Wow that's actually worse than I thought it would be but honestly, not surprised. Anyone who has these modified trees should get rid of them unless they want to further risk their game save


----------



## Dormire (May 18, 2020)

Shellzilla said:


> Ugh, are you serious? Duping glitches, scammers, rude people, and now this that can permanently impact your island in a negative way? Welp, this is another reason why I'm just playing offline. It's just to keep my island safe. I had a dream last night where my save file got corrupted for no apparent reason!


This isn't exactly everywhere. As long as you trade in places where people are trustworthy (TBT for example) then you should be fine. Most of us here aren't out to hurt others.


----------



## coffee biscuit (May 18, 2020)

It just sucks that there's already a good amount of glitches in this game and people are out here straight up making more of them.

The star fragment trees are cute though, I wish they were a real thing >w<


----------



## tajikey (May 18, 2020)

Shellzilla said:


> Ugh, are you serious? Duping glitches, scammers, rude people, and now this that can permanently impact your island in a negative way? Welp, this is another reason why I'm just playing offline. It's just to keep my island safe. I had a dream last night where my save file got corrupted for no apparent reason!


I wouldn't go to this level, unless you only want to experience the game offline. I've had plenty of pleasant interactions online.

The only bad one happened today, and that's because I put too much faith in people. Karma will get the idiot that took 5 NMTs and 40k bells I had laying on the ground as payment for 9 different people to water my flowers.


----------



## Bloobloop (May 18, 2020)

i'd actually never heard of star fragment trees until this post, but i'm surprised so many people are willing to brick their game in exchange for some internet clout. it's in poor taste to advertise something that will potentially ruin the save files of those who try it.


----------



## Cadbberry (May 18, 2020)

If its a glitch or hack, avoid it guys. Another reason why you don't want to cheat just for a little extra. I hate to say it but I can't feel bad for people who knowingly modify the game and then have their town corrupt.

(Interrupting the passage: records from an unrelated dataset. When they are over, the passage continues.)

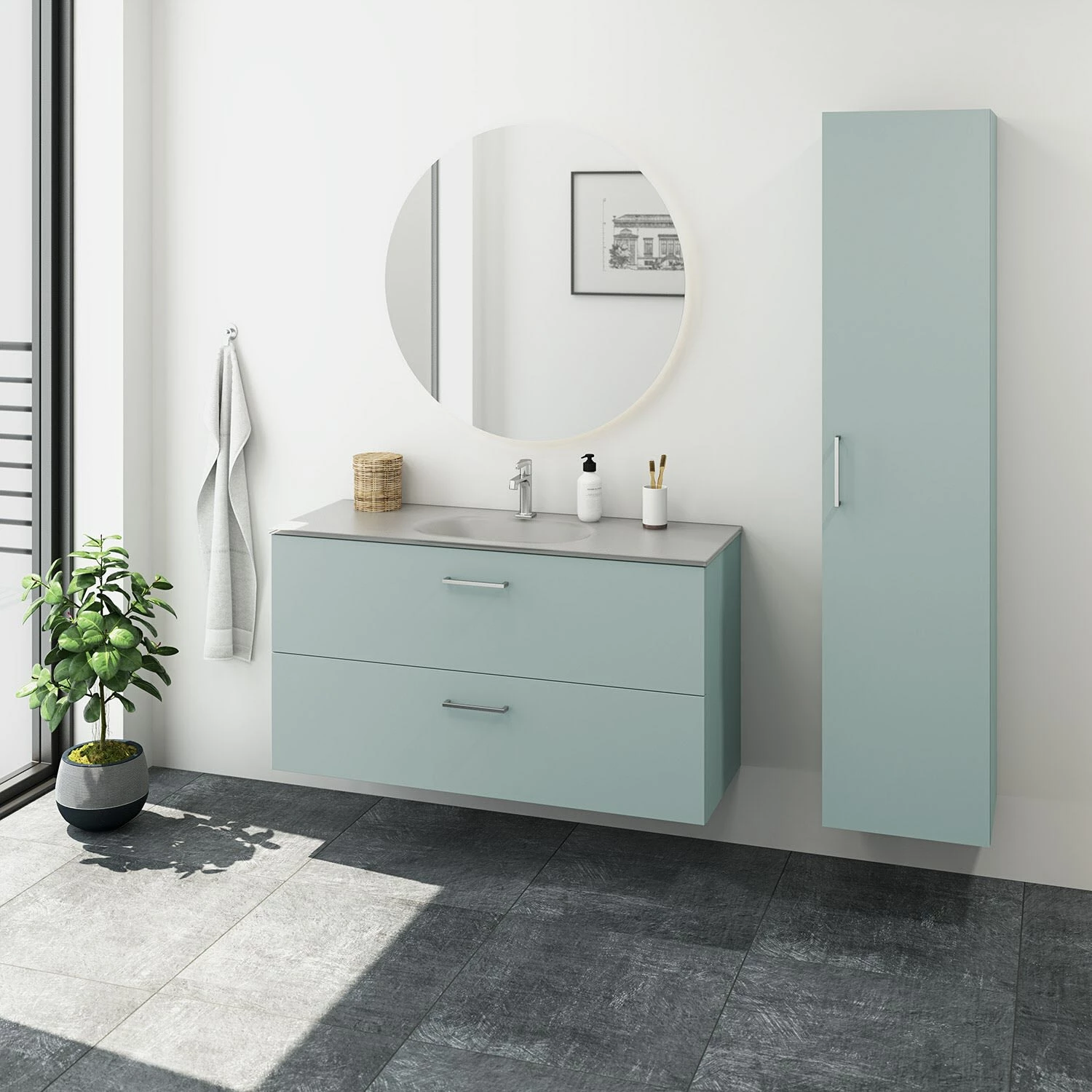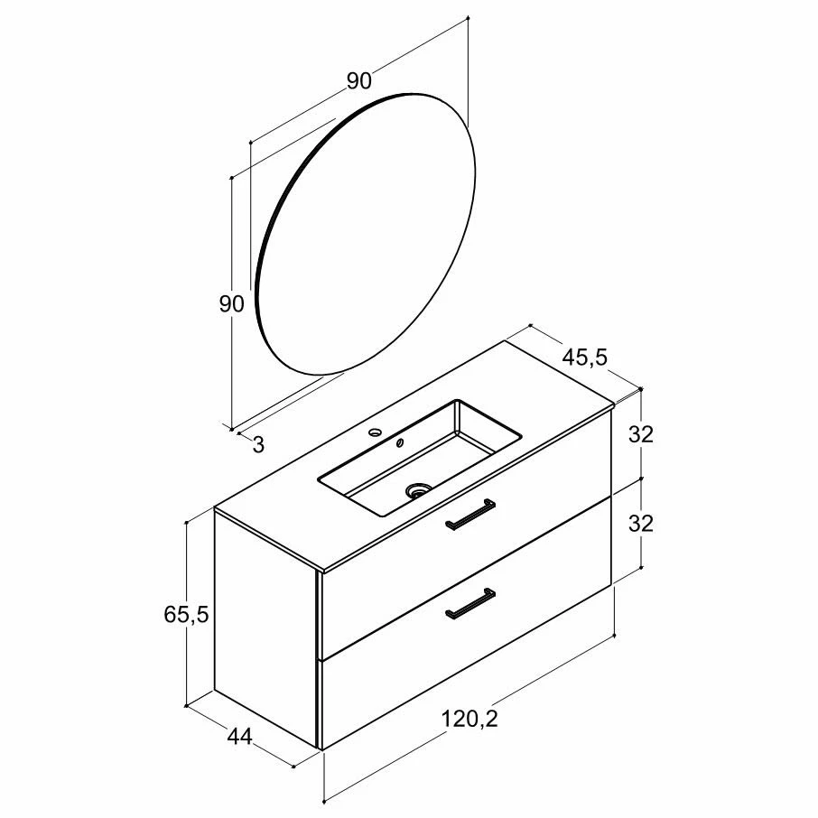 Dansani Play Möbelset inkl. Spiegel Ø 90 cm und Waschtischunterschrank mit 2 Schubladen, 120,2 cm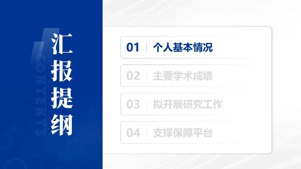 PPT以“个人基本情况-主要学术成绩-拟开展工作”为主线,严格遵循项目申请答辩的规范逻辑,确保从背景到成果再到规划的叙事连贯性。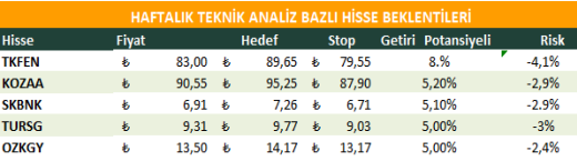 Haftalık Teknik Analiz Bazlı Hisse Beklentileri

Maybe I am a bad person but if you knowingly aren't doing the right thing and try to spread the glitched items, you deserve possible Nintendo Online bans


----------



## UglyMonsterFace (May 18, 2020)

Wait just to clarify, you can plant flowers in someone's town via dodo code, but not trees, is this correct? I'm finding more and more reason not to ever do online with strangers T_T


----------



## Dormire (May 18, 2020)

Silh said:


> Yeah I keep seeing AMAZING towns with these trees and every one of them is all "Yah I know its hacked, but I think Im safe!".
> 
> Big oofs.





kojuuro said:


> Wow I didn't realize they were this destructive.  Thanks so much for the heads up.  Super pretty but totally not worth it to me if they make dead tiles.





Bloobloop said:


> i'd actually never heard of star fragment trees until this post, but i'm surprised so many people are willing to brick their game in exchange for some internet clout. it's in poor taste to advertise something that will potentially ruin the save files of those who try it.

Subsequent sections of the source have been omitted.